Many years ago, when our Public Service Division (PSD) was trying to replicate the Shell scenario planning exercise to assess the future of Singapore, it wrote two alternative scenarios for Singapore: "Hotel Singapore" or "A Home Divided". When we check into a hotel room, we do not clean it. We expect the cleaning/housekeeping service to do so. Yet, when we come home, we pick up the trash and keep our rooms clean.
These two alternative scenarios were brilliant. Singapore will survive if Singaporeans treat it as their home, not as their hotel. Yet, when you go jogging in East Coast Park on Monday mornings (as I do) or walk around HDB estates in the morning with soiled diapers and tampons occasionally being thrown out of windows, you find plenty of evidence to suggest that Singaporeans regard Singapore as their hotel, not their home.
Our level of social responsibility is also very low. We are struggling to persuade Singaporeans to divide their trash into two categories: waste and recyclable materials. By contrast, each Yokohama household habitually divides its trash into 15 (yes, 15!) categories before the rubbish collector comes.
There is absolutely no doubt that the Japanese love Japan and cherish their homeland. Can Singaporeans learn to cherish their homeland and keep it as clean as the Japanese do? If we can, Singapore will survive. So, in 2015, can each of us make a simple commitment to keep Singapore as clean as possible?
Let me deal quickly with one counter-argument. Some argue that the Japanese are unique. Their level of social responsibility is one of the highest in the world. Those who say this should visit Taipei and Hong Kong. They have Chinese inhabitants, not Japanese inhabitants. But they keep their cities much cleaner than Singapore citizens do. What explains this higher level of social responsibility of the Hong Kongers and Taiwanese? Can we reflect on this in 2015?
Last month, there was a rock concert at National Taiwan University. When the concert began, the first two bands reminded the young audience to place their garbage on the side of the venue. They did so. Before the third rock group, LTK Commune, arrived, the audience was told to bring the garbage up front.
They did this because it is a tradition to throw garbage at this band. The audience threw the garbage incessantly. When the performance ended, another band leader came to the stage and said, "Okay, let's clean up". The audience complied. The place was spotless when the audience left.

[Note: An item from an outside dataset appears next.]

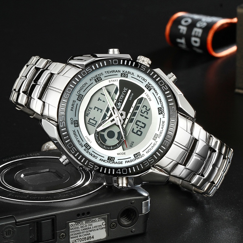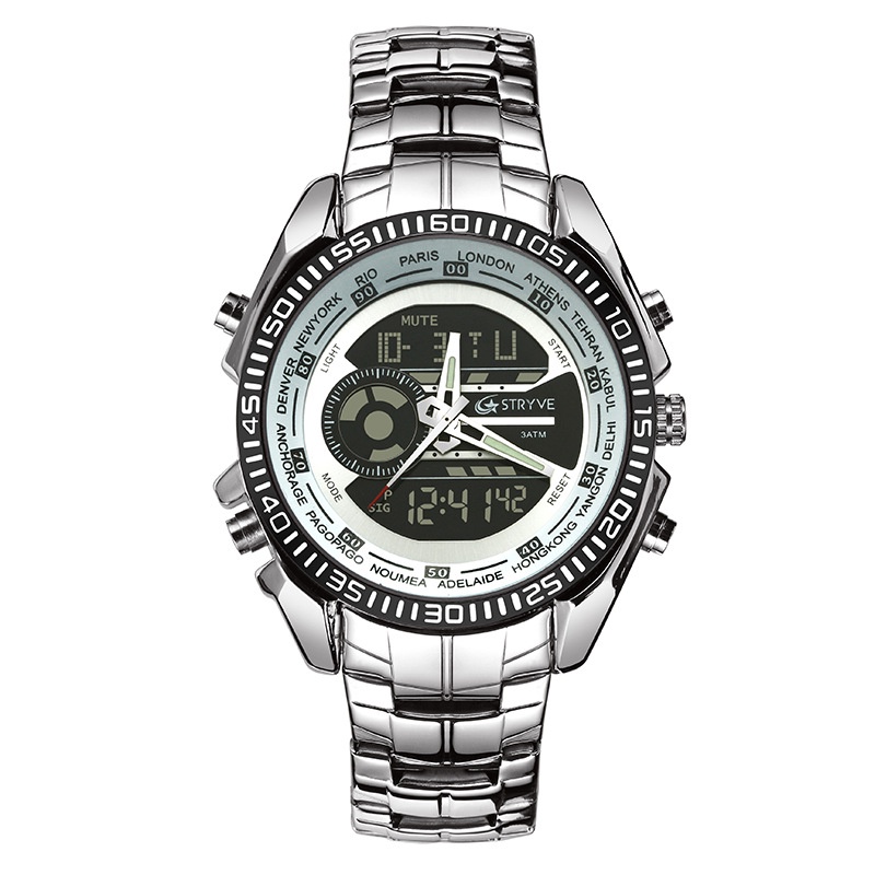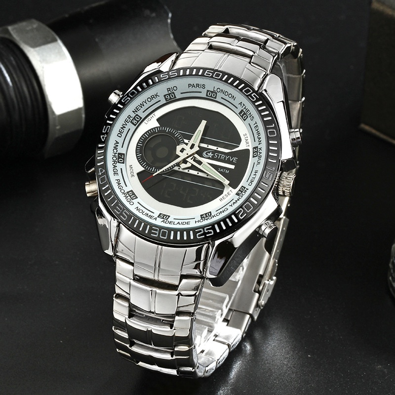 New stryve s8016 men's stainless steel business watch electronic double display waterproof calendar week Watch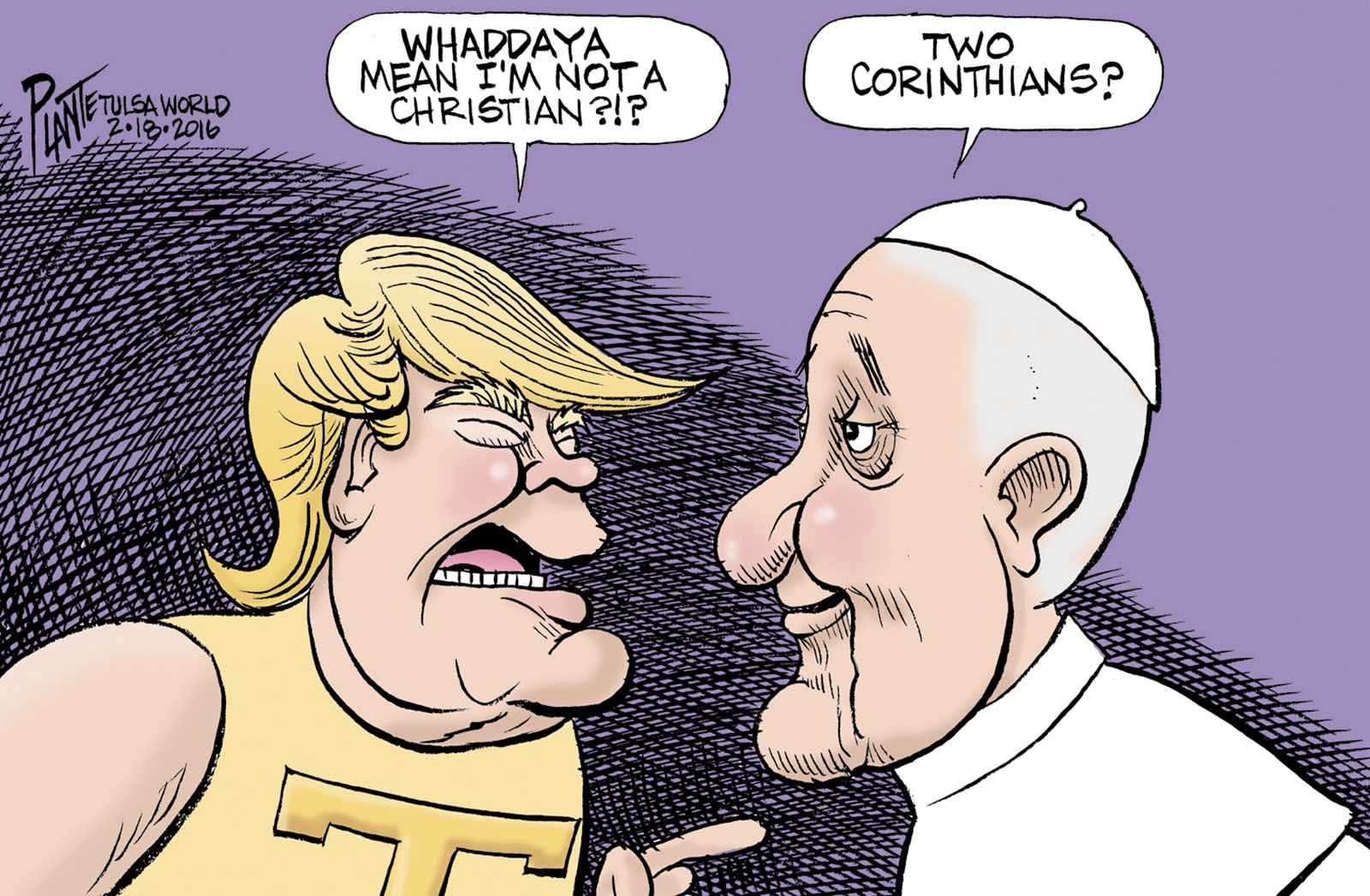 Tags/Keywords GOP, II Corinthians, Mexico wall, Pope Francis, Presidential Candidate Donald J. Trump, Republican PrimaryCampaign 2016, RNC, Trump vs. The Pope, FILE: PlantB20160219 Reprint This CartoonBuy A PrintBuy The Original REPRINT THIS CARTOON Fill out the info below and I'll be in touch ASAP Your Name (required) Your Email (required) Details, Print, Digital, Circulation, etc. Please leave this field empty. BUY A PRINT OF THIS CARTOON Fill out the info below and I'll be in touch ASAP Your Name(required) Your Email(required) Details, Number of copies, Questions. Please leave this field empty. BUY THE ORIGINAL Originals may or may not be available. Fill out the info below and I'll be in touch ASAP Your Name (required) Your Email (required) Your Message Please leave this field empty.

Would a Singapore rock concert audience be capable of leaving a venue equally spotless on a voluntary basis after a raucous rock concert? Or would they expect an army of foreign workers to clean up after them?
Another way to demonstrate our love for our fellow Singaporeans is to learn to laugh with each other. Over the years, we have seen several surveys demonstrating that Singapore is not one of the happiest societies on our planet. Indeed, the surveys seem to show that even though Singaporeans have clearly been more successful than Indonesians in economic development, Indonesians are far happier than Singaporeans. Indeed, many of the Asean countries are happier than Singapore.
In a 2011 Gallup poll, Singapore famously ranked as experiencing the fewest positive emotions in the world. The percentage of Singaporeans who reported experiencing positive emotions the day before the poll was only 46 per cent, in contrast to Thailand, which ranked No. 5 at 83 per cent; the Philippines, No. 7 at 82 per cent; and Indonesia, No. 16 at 79 per cent.
In 2012, Singapore improved by 24 percentage points, hitting a five-year high of 70 per cent (No. 67). However, the other Asean countries were still far ahead in happiness: the Philippines ranked No. 8 at 81 per cent; Indonesia, No. 9 at 80 per cent; and Thailand, No. 34 at 75 per cent.
It would be foolish to try to analyse the deeper sources of our relative unhappiness in a brief article like this. However, some obvious facts cannot be denied. Of all the citizens on our planet, Singaporeans have the least amount of "physical space" to live in. We are the most densely populated real country on our planet. Several animal studies have shown that when animals are housed together in close proximity with little space to roam in, they become less happy. Hence, we have to learn to live with our existential condition of lack of space and not get unhappy about it.
One way of handling this existential angst is to laugh more. Singaporeans are by and large very serious and we rarely laugh at ourselves.
One small indicator of this is that we have still not found a good national cartoonist. By contrast, Malaysia was blessed that it found and nurtured Lat. He gave brilliant insights into Malaysia's society through his lovingly drawn cartoons. Tun Mahathir Mohamad was and still is one of the toughest leaders that Malaysia has produced. His stature was in no way diminished by the cartoons Lat drew of him. Indeed, they may even have enhanced Dr Mahathir's national stature.
Singapore is clearly not ready yet for a serious political cartoonist. However, we can try to encourage a culture of cartoonists by getting some of our leading citizens to allow themselves to be parodied. I am confident that some of our leading lights - like Tommy Koh and Chan Heng Chee, Ho Kwon Ping and Gerard Ee - would not object to being lampooned once in a while.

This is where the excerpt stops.